We must COMPLETELY RE-THINK federal sentencing law:
Thousands of people in federal prison are serving severe, outdated sentences that Congress no longer believes are fair. A 2022 Supreme Court decision that seemed to broaden the availability of reduced prison time has been interpreted inconsistently, extending uncertainty on this issue. In the short term, carefully crafted rules can allow judges to offer relief on a case-by-case basis. But ultimately, ending unjust penalties will require a top-to-bottom rethinking of federal sentencing law.
Congress must pass the “SECOND LOOK” legislation to reduce some sentences:
A man who had been sentenced to life without parole told U.S. Senator Booker that he had grown and changed and that I deserved to be home. He said many people in prison deserve a second chance, and often, they were unjustly sentenced to begin with. Later Senator Booker and Congresswoman Bass first introduced the Second Look Act in 2019, inspired, in part, by that meeting. Now these two members of Congress have reintroduced the Second Look Act. A previous reform had allowed this federal prisoner to become free. Now he works for profound justice for other people.

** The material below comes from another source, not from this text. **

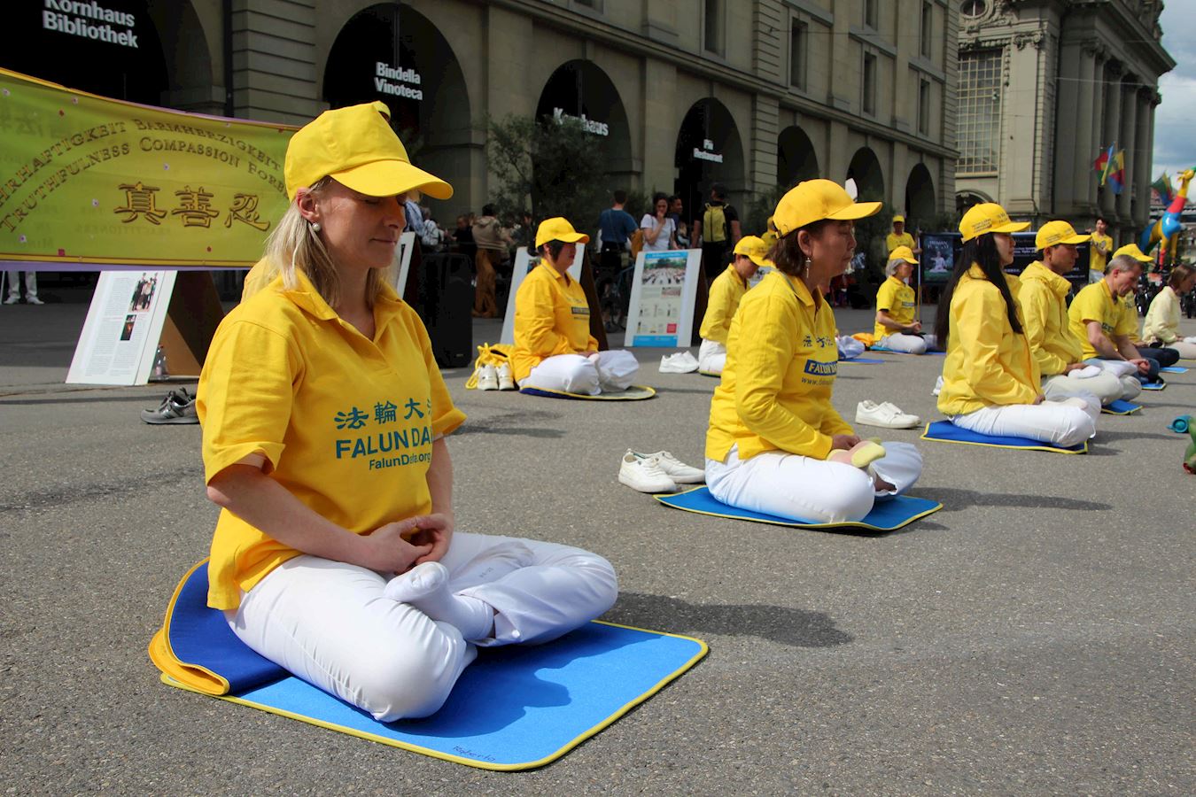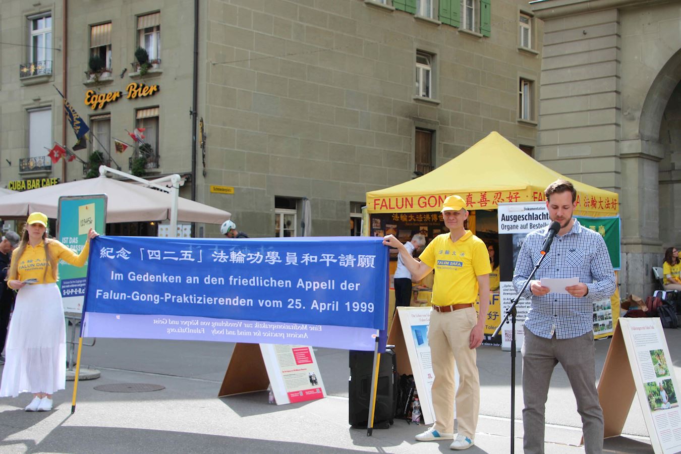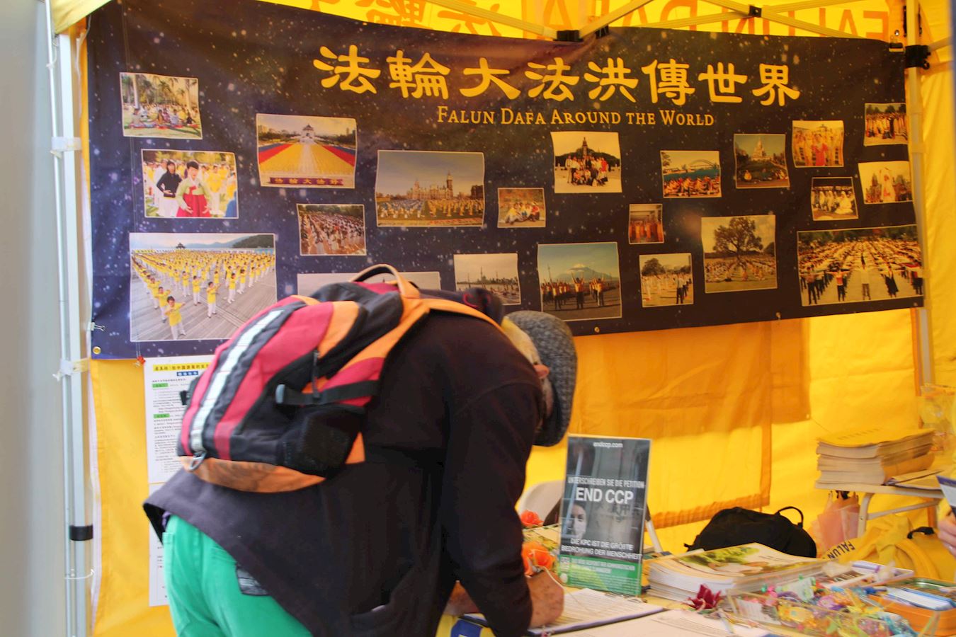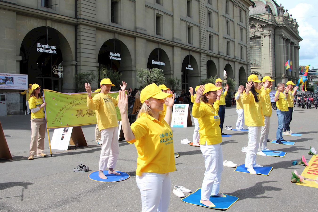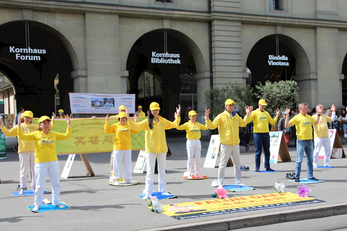 下午,学员们在伯尔尼人来人往的闹市区集会。当看到法轮功学员们静静地打坐,很多人驻足观看展出的介绍法轮功真相的展板,附近等车的路人也静静地听着学员们的发言。有的向分发真相传单的学员询问更多的讯息,有的则径直来到真相台前签名支持学员反迫害。马丁就是这其中的一员,他还打算回家后查阅网站,了解更多的关于法轮大法的讯息。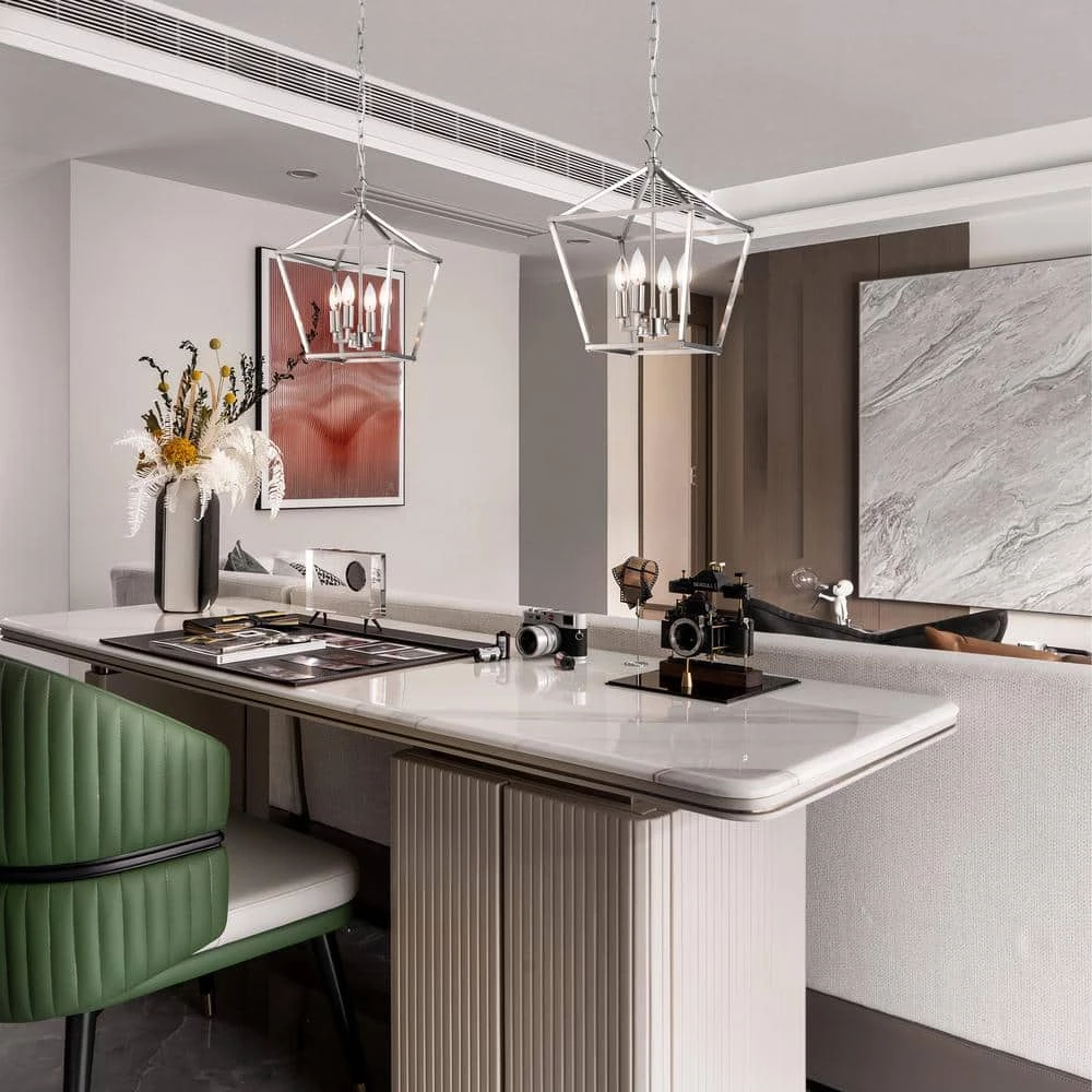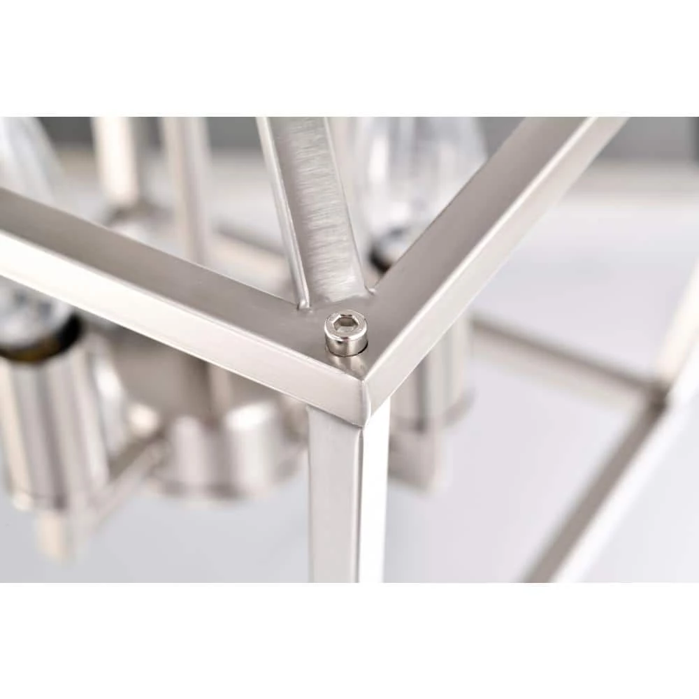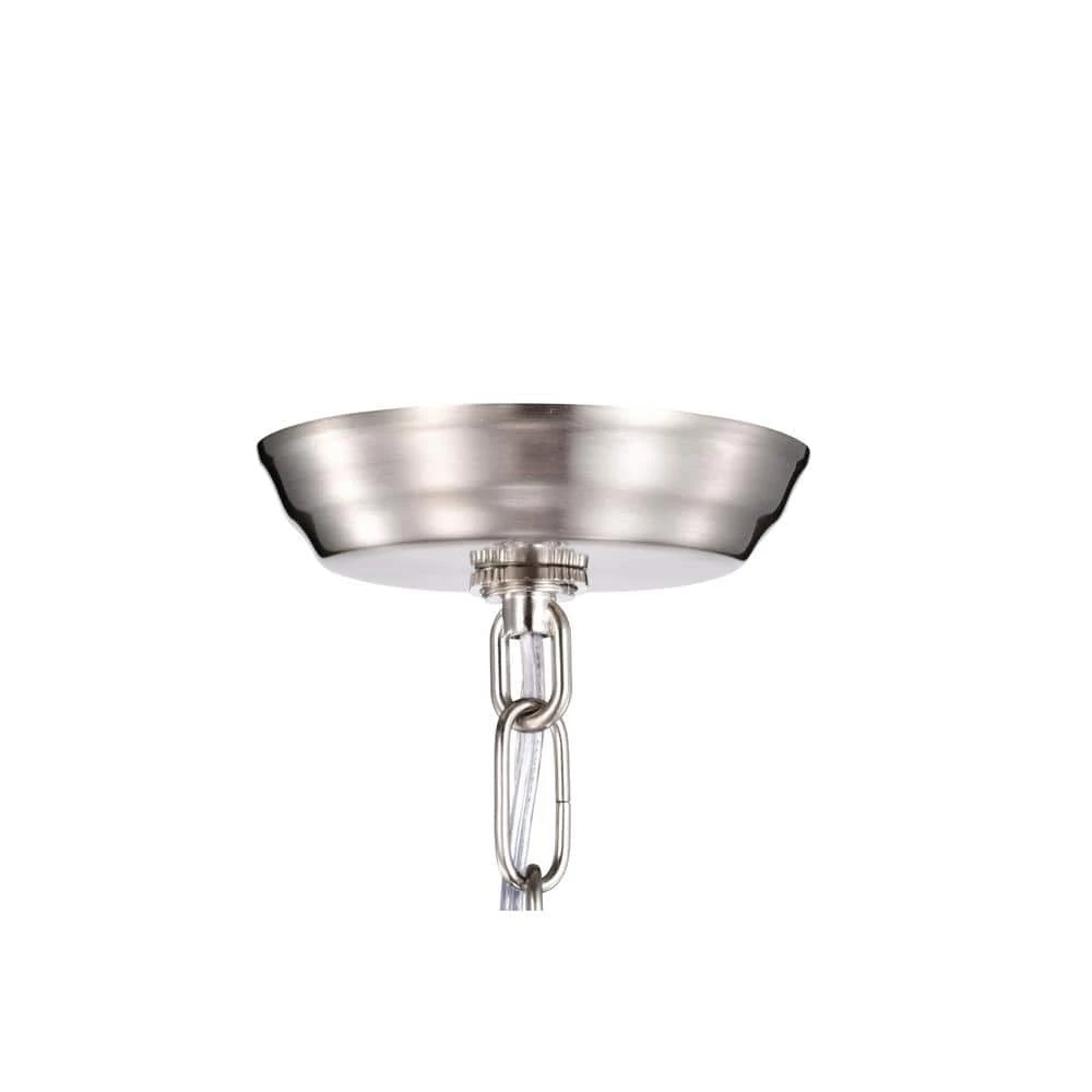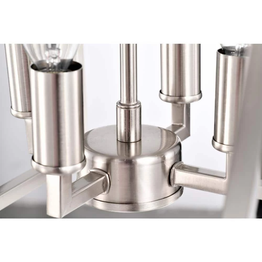 This popular Modern Farmhouse chandelier is the perfect addition to any kitchen, entryway, or dining room. Add 2 or more of these lantern pendants over a kitchen island for a bold statement. The brushed nickel finish of this modern chandelier design gives it versatility, use 4 LED, dimmable, or Edison style bulbs to create acustom look. It comes with brushed nickel candle sleeves and a 40 in. adjustable chain for even more customization.

The Second Look Act is ambitious and groundbreaking. It would allow people who have served at least 10 years in federal prison to petition a court to take a “second look” at their sentence and assess their rehabilitation and whether their continued incarceration serves the interests of justice. It would create a rebuttable presumption of release for people who are 50 years of age or older, meaning the burden shifts to the government to demonstrate why that person should remain behind bars.
Extreme sentences also come with a profound human cost as people spend decades in cruel conditions, separated from their loved ones. And the research is clear: as people grow and mature, they typically stop engaging in crime. There are many reasons for this, but lengthy sentences aren’t one of them. They produce diminishing returns on public safety and waste scarce public resources on keeping people in prison long past the time when they pose a risk to the community. Instead, we should be funding things that make communities safer.
Solitary confinement is actually torture. Here are info and a link to federal legislation:
In mid-July 2022, twenty-nine national religious organizations sent this letter to Members of the House of Representatives calling on them to co-sponsor H.R. 8048, the Solitary Confinement Study and Reform Act. NRCAT’s press release about this strong showing of interfaith support for the legislation is available here for sharing. A PDF of the national interfaith letter is available here to download, print, and share.
The Act would create a bipartisan commission to study the effects of solitary confinement in the U.S. prison system at the federal, state, and local levels, and set national standards. The commission would be charged with making recommendations that would end long-term solitary confinement in federal prisons and detention centers and bring the systems into compliance with the Nelson Mandela Rules. The legislation also sets aside federal grant funding as an incentive to states that are taking steps to end solitary confinement. Notably, the membership of the proposed commission must consist of at least three formerly incarcerated people or family members of incarcerated people.
NRCAT and our allies in the Federal Anti-Solitary Taskforce (FAST) are working closely with original co-sponsors Rep. Trone (D-MD) and Rep. Bice (R-OK) in support of this legislation as an important step toward our ultimate goal of ending the torture of isolated confinement once and for all. Your continued support is needed to build strong bipartisan co-sponsorship for this important bill.
This was in the previous Congress. In January 2023 the new Congress was installed. I hope the bill will be re-introduced in 2023. If it is, the bill number might change.